── Data extract

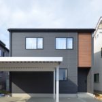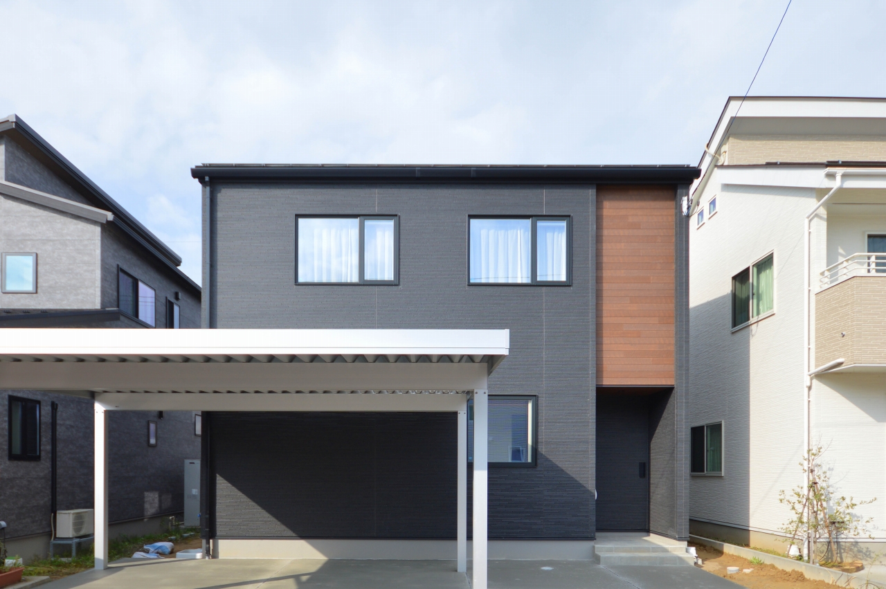 キューブ型のシンプルな外観は玄関上の木目調の貼り分けがアクセントになります。
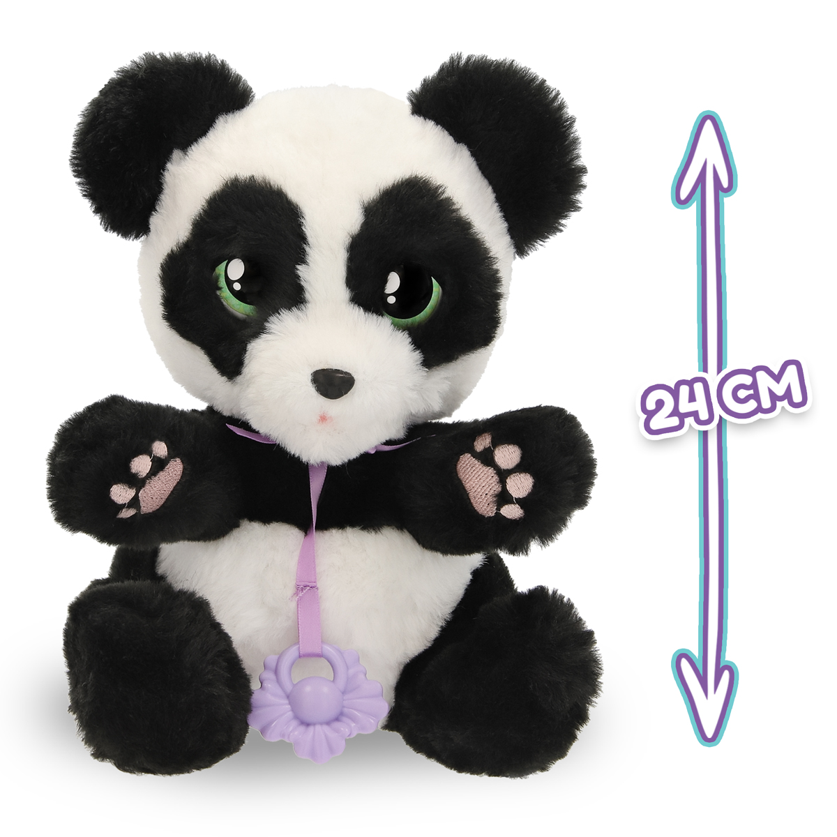 Игрушка реагирует, когда вы вставляете пустышку в ротик панды - она издает милые звуки, а её глазки механически открываются и закрываются, создавая эффект живого питомца. Кроме того, панда поставляется с мягкой сумкой-одеялом, которая служит и местом отдыха, и аксессуаром для переноски любимца.
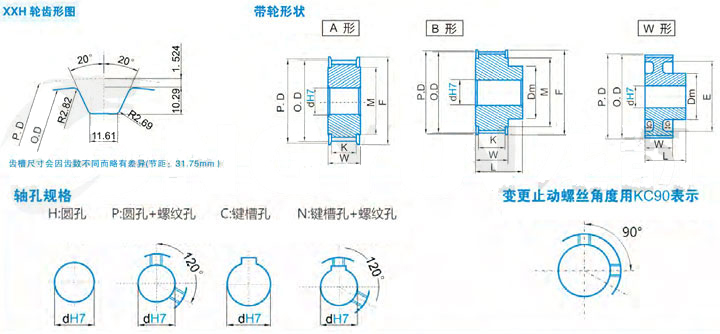 | 標(biāo)準(zhǔn)同步帶寬度 | K | W | G | L22齒以下 | L22齒以上 |
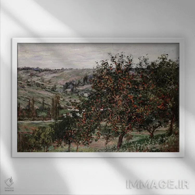 تابلو درختان سیب نزدیک وته‌وی اثر کلود مونه (نقاش معروف فرانسوی) - نمای قاب‌دار سفید
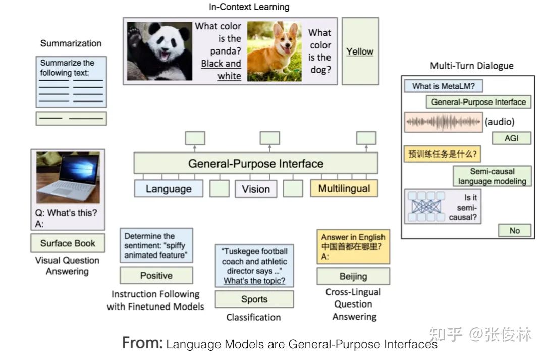 LLM从NLP向外进行领域拓展,一个自然的选择就是图像处理及多模态相关任务。目前已经有些工作在尝试把多模态融入,让LLM成为一个支持多模态输入输出的通用人机接口,典型的例子包括DeepMind的Flamingo和微软的“Language Models are General-Purpose Interfaces”,上图展示了这种方式的概念结构。
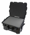 Black injection molded case with pullout handle, inline wheels, and interior dims 22" x 17" x 12.9". DICED FOAM
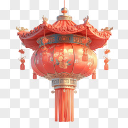 3D卡通新年装饰元素一个六边形灯笼免抠元素
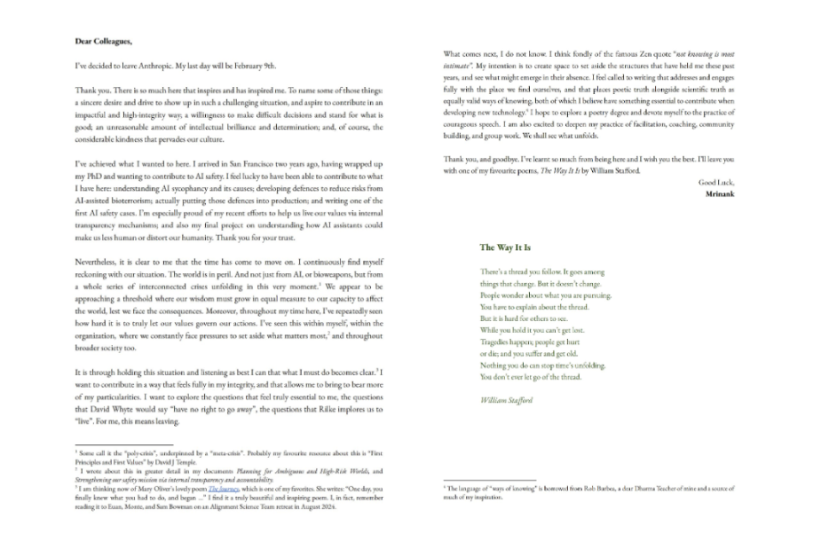Un investigador Anthropic renuncia.
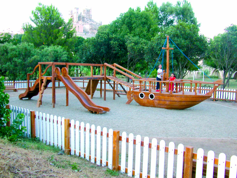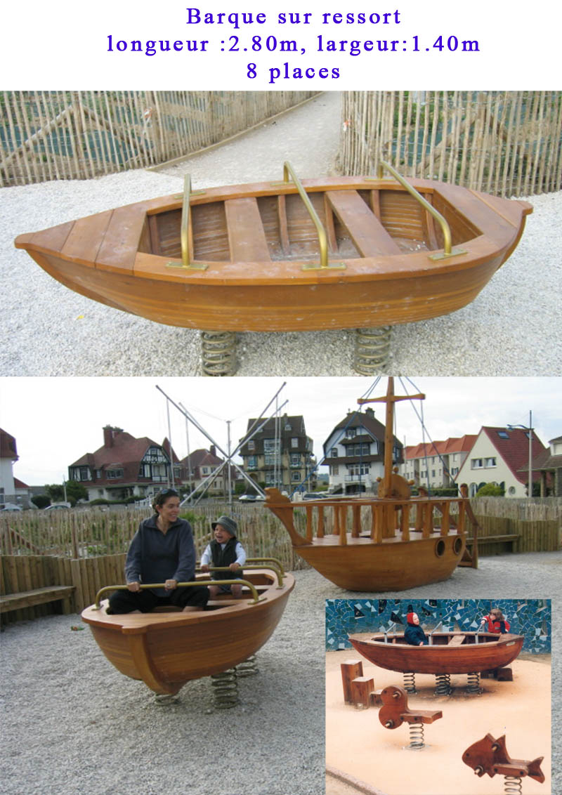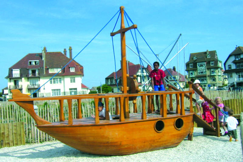 Aire de jeux en bois sur le thème du bateau et de la mer

────

→ Assigned task
The listing above must be restated word for word. Its pictures are to be left out.

→ Finished task
 キューブ型のシンプルな外観は玄関上の木目調の貼り分けがアクセントになります。
 Игрушка реагирует, когда вы вставляете пустышку в ротик панды - она издает милые звуки, а её глазки механически открываются и закрываются, создавая эффект живого питомца. Кроме того, панда поставляется с мягкой сумкой-одеялом, которая служит и местом отдыха, и аксессуаром для переноски любимца.
 | 標(biāo)準(zhǔn)同步帶寬度 | K | W | G | L22齒以下 | L22齒以上 |
 تابلو درختان سیب نزدیک وته‌وی اثر کلود مونه (نقاش معروف فرانسوی) - نمای قاب‌دار سفید
 LLM从NLP向外进行领域拓展,一个自然的选择就是图像处理及多模态相关任务。目前已经有些工作在尝试把多模态融入,让LLM成为一个支持多模态输入输出的通用人机接口,典型的例子包括DeepMind的Flamingo和微软的“Language Models are General-Purpose Interfaces”,上图展示了这种方式的概念结构。
 Black injection molded case with pullout handle, inline wheels, and interior dims 22" x 17" x 12.9". DICED FOAM
 3D卡通新年装饰元素一个六边形灯笼免抠元素
Un investigador Anthropic renuncia.
 Aire de jeux en bois sur le thème du bateau et de la mer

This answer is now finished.